ЭЛ: Работа, сделанная на заказ, не значила для меня тогда ничего. Только личные работы. Даже не знаю, можно ли назвать это работами. Я просто снимала каждый день, не для публикации. А после смерти Сьюзан увидела, что там, оказывается, есть история. Вообще это история каждого человека: жизнь, смерть, взросление. Мне казалось, это не только про меня, это про всех. Я сложила личные фотографии и фотографии, сделанные по заданию, вместе – и когда я это делала, я была не уверена, что это правильно. А теперь, спустя пять лет, мне кажется, я слишком открыто показала Сьюзан и детей. Ни за что не стала бы так делать теперь.
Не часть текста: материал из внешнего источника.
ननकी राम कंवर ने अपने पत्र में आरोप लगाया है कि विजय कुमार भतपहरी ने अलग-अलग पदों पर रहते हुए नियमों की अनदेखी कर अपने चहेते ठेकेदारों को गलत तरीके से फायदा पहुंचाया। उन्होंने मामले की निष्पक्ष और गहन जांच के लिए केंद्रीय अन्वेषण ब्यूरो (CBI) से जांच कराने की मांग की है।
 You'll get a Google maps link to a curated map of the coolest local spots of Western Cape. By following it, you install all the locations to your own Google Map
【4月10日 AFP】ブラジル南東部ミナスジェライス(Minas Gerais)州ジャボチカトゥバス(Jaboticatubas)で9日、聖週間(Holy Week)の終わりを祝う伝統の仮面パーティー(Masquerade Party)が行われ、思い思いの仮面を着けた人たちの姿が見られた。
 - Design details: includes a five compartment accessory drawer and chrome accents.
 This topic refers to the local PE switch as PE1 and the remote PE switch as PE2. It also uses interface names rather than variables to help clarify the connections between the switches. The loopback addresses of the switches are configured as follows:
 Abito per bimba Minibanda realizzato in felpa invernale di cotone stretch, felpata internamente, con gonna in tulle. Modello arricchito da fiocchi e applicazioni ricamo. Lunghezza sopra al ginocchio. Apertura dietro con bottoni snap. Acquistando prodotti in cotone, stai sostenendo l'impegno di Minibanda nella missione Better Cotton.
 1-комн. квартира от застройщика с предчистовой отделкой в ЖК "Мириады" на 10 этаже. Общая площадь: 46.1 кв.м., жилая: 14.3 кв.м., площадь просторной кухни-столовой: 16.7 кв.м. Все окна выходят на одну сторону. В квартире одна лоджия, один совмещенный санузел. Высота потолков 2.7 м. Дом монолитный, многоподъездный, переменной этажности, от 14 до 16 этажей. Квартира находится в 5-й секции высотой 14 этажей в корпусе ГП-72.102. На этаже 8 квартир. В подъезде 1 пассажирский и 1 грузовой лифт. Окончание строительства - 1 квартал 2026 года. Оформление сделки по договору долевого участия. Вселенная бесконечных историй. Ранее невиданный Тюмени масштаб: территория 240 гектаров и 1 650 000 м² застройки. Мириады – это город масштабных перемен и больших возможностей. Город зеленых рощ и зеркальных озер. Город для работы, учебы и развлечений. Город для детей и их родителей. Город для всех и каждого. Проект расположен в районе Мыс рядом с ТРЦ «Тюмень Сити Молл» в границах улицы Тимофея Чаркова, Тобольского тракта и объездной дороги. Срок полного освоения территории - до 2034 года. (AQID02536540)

МГ: Но отредактировать рука не поднимается? Кураторы же все равно всякий раз производят отбор – все фотографии, вошедшие в книгу, не выставлялись нигде. Кто-то при этом дополняет выставку архивными эскизными фотографиями, контактами, из которых вы выбирали.
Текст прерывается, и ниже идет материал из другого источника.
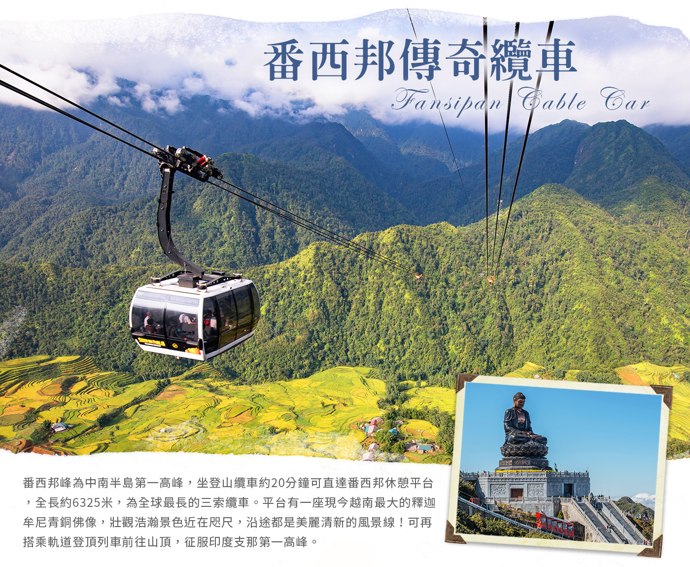 番西邦峰Fansipan海拔高3143米,距離沙壩約9公里,坐登山纜車約20分鐘可直達番西邦休憩平台,全長約6,325米,為全球最長的三索纜車。番西邦休憩平台有一座現今越南最大的釋迦牟尼青銅佛像、擁有多座工藝完美的佛像的金山寶勝寺、擁有18座2.5米高的銅製羅漢佛像的羅漢路、碧雲禪寺等,安排搭乘軌道登頂列車前往山頂,征服印度支那第一高峰,站在山頂上居高臨下的一瞬間,壯觀浩瀚的雲海近在咫尺,宛如人間仙境,讓自已沉浸在大自然和美麗景色之中,欣賞完壯闊的第一高峰美景後,慢慢地沿著風光環山步道拾階而下,沿途都是美麗清新的風景線。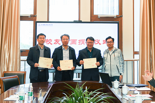 捐赠仪式上,管871班校友、无锡压缩机股份有限公司经理、原学生书法协会会长巫忠兴代表校友捐赠书画作品,校党委书记朱爱胜代表母校接受作品,并为校友颁发收藏证书。校团委书记赵健代表团委为吴志波、巫忠兴、衡兴权三位校友颁发社团荣誉导师聘书。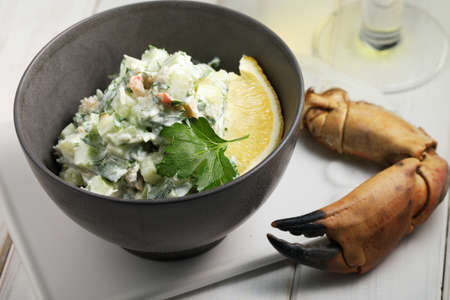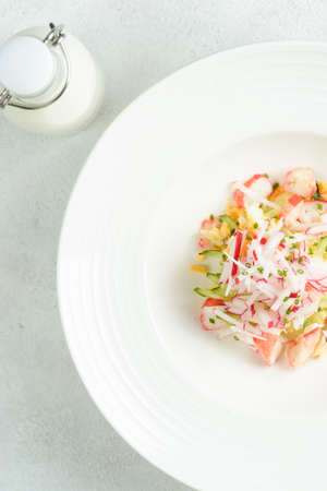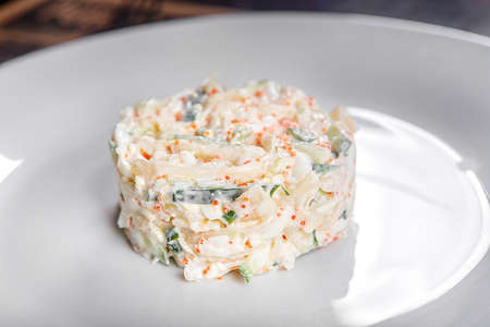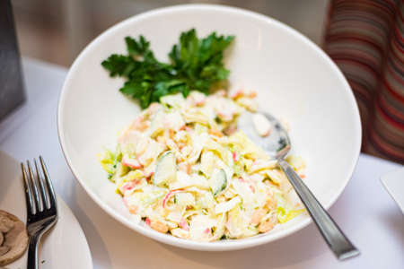 A plate of crab salad on the buffet table. Salad of fresh cucumbers, crab sticks, white beans, iceberg lettuce leaves, Lola rossa. dressed with mayonnaise.

ЭЛ: Я же говорю – выставка отражает свое время. Ее надо оставить в покое. Вы же не станете переписывать книгу, которую написали пять лет назад?
МГ: Так я ее и читать не стану.
ЭЛ: А я и не смотрю на эти фотографии. А в следующий раз – у меня что-то типа графика, я пересматриваю свои работы каждые десять-пятнадцать лет. Первый раз в девяностом году я сделала книгу. Когда умерла Сьюзан, я должна была делать книгу. Вот я и взяла следующую порцию – получились как раз те пятнадцать лет, когда я была с Сьюзан. Поэтому вся выставка держится на каркасе Сьюзан.
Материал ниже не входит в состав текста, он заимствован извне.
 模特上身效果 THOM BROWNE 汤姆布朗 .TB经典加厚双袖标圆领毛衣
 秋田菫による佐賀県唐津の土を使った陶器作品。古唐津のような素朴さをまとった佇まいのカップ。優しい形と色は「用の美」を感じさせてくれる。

Действительно, надо быть осторожнее с языком: «каркас Сьюзан» – в данном случае не вполне метафора. Из чего была сделана Сьюзан? С начала книги, то есть с начала отношений, Лейбовиц фотографирует не только орудия труда Зонтаг, ее коллекции и вид из ее окна, но и – точнее, в первую очередь – ее тело. Сьюзан спит на диване, одетая, закинув ногу на спинку; Лонг-Айленд, 1988 год. Сьюзан в распахнутой белой рубахе на пассажирском сиденье машины; Мексика, 1989 год. Сьюзан, откинувшись на кровати, ее ноги в кедах на полу; Берлин, 1990 год. Сьюзан, голова на спинке дивана, круглые колени видны из-под юбки, скинутые кроссовки на полу; Нью-Йорк, 1991 год. Сьюзан в кровати, накрытая буквально до носа, видна только верхняя часть лица и руки поверх одеяла; Капри, 1992 год. Сьюзан в ванне, правая рука прикрывает отсутствие левой груди; Нью-Йорк, 1992 год. Сьюзан стоит на палубе корабля, на закате, завернувшись в одеяло; Египет, 1993 год. Сьюзан спит обнаженная на белой простыне, подушка прикрывает отсутствие левой груди; Лонг-Айленд, 1994 год. Сьюзан, развалившись в кресле, с сигаретой в руке; Нью-Йорк, 1997 год. Сьюзан на больничной койке, похудевшая, в мало что прикрывающей казенной рубашке, но инстинктивно прикрывающая отсутствие левой груди то правой, то левой рукой – серия фотографий, сделанная во время второго ракового заболевания; Нью-Йорк, 1998 год. Сьюзан с короткими седыми волосами, в черном свитере; Нью-Йорк, 1999 год. Сьюзан в костюме плюшевого мишки; Париж, 2000 год. Новорожденная Сара, большие руки Сьюзан; Нью-Йорк, 2001 год. Шестидесятивосьмилетняя Сьюзан и годовалая Сара в купальниках на пляже; Багамы, 2002 год. Сьюзан в распахнутой дубленке, длинные черные волосы, длинные жемчужные бусы; Париж, 2003 год. Сьюзан на больничной койке, вздутый живот, язвы и синяки; Сиэтл, 2004 год. Двадцать посмертных фотографий Сьюзан, одетой для похорон: руки, руки, верхняя часть туловища (пять кадров с разного расстояния), лицо, лицо, подбородок, опять лицо, руки на животе, бедра, ноги, ступни ног, ноги, туловище, лицо, торшер в углу, тело целиком. Дэвид Рифф назвал эти фотографии «посмертным унижением», «карнавальными образами смерти знаменитости».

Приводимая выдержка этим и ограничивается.